Sunday, July 2, 2017

I wouldn't start from here if I were you

I think all of us know the old joke that is mentioned in the title of this post. Well doing focus stacking also brings that joke to mind. Do I start at infinity and work towards the foreground, our start in the near field and bracket towards infinity?

If you are using my auto focus bracketing script you only have one option: focus on the nearest thing of interest and the script will automatically fill in the required focus brackets to cover you to infinity.

If you wish to have more control over focus bracketing, then focus bar will allow you to first of all start in the far or near field, or anywhere. From this first image, you can then bracket towards or away from this first point, and decide on the amount of focus overlap you want. I personally look at 10-20% of the DoF, but often am limited to what I can do as Canon lens control is not always working in your favour.

For landscape focus bracketing I personally would suggest the following workflow using the focus bar; because, if you start at infinity, you don't always know when your near field point of interest is in focus:
  • Set your non-focus camera settings, eg shutter, iso and aperture;
  • Finalise composing the scene;
  • Focus on the closest point of interest you wish to see in focus;
  • Take an image with your (closed) hand in front of the camera, ie creates a starting 'bookmark' image;
  • Take the first image (using a remote shutter trigger to minimise camera-tripod movement);
  • Rotate the lens focus ring towards infinity and stop when the magenta overlap meets your needs, eg about 10-20% overlap;
  • Take the next focus bracket and repeat until your end point has been met, eg infinity;
  • If infinity is your goal, keep focus bracketing until the focus bar switches into 'blur reporting mode', ie when the far DoF is beyond infinity, but the focus point is less than infinity. In blur reporting mode, adjust the final focus bracket until your infinity blur criterion is met, eg between 15-30 microns on a full frame camera;
  • Take a final image with your (open) hand in front of the camera, ie creates an end 'bookmark' image.
As for post processing: I personally ingest the bracket sequence into Lightroom, minimally adjust one image as required (don't do any lens correction at this stage), and sync the others to this one. Then do a round trip to your focus stacking software; and finish the final image off in LR and Photoshop as required.

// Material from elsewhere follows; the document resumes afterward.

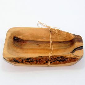 Indicação Biocultural: Olea europaea L. popularmente como oliveira ou oliva, é a única espécie da família Oleaceae com frutos comestíveis. É originária de uma região geográfica que ocupa desde o Sul do Cáucaso até as altiplanícies do Irã, Palestina e a zona costeira da Síria, estendendo-se pelo Chipre até o Egito, povoando todos os países que margeiam o Mediterrâneo. É uma árvore conhecida pela produção do azeite de oliva e de azeitonas (fruto da oliveira), bastante consumidos ao redor do mundo e de grande importância para o mercado Nacional Brasileiro, onde também é cultivada. O objeto é feito com a madeira da oliveira, mostrando outro aproveitamento desta espécie que é o artesanato, do qual são produzidos diversos produtos como colheres, espátulas, vasilhames, tábuas etc., que servem tanto para uso cotidiano como fins decorativos.

As a test example, here is a final focus stack of five Dual-ISO images, taken with my EOSM at 11mm and at a non-optimum aperture of F/4.5. I decided the corner of the chair was my nearest point of interest.


BTW if you are interested in the focus distances, and forgot to write them down, you can look into the EXIF data of your .cr2, ie under Maker Notes. I use RawDigger if I wish to look at an image's details, including the EXIF. For example, the first image's EXIF reports the following:
 
Focus Distance Upper
0.36 m
Focus Distance Lower
0.33 m
 

Looking on line, it's not fully clear what Canon means by upper and lower focus distances. But at least the info is indicative of where you focused. However, on the limited images I have looked at, the upper value appears to be close/correspond to the ML reported focus distance.

Bottom line: the focus bar is a very flexible tool for those seeking to get optimum focus, either in a single image or in a focus stack. The UI is clear and you remain in charge throughout the capture.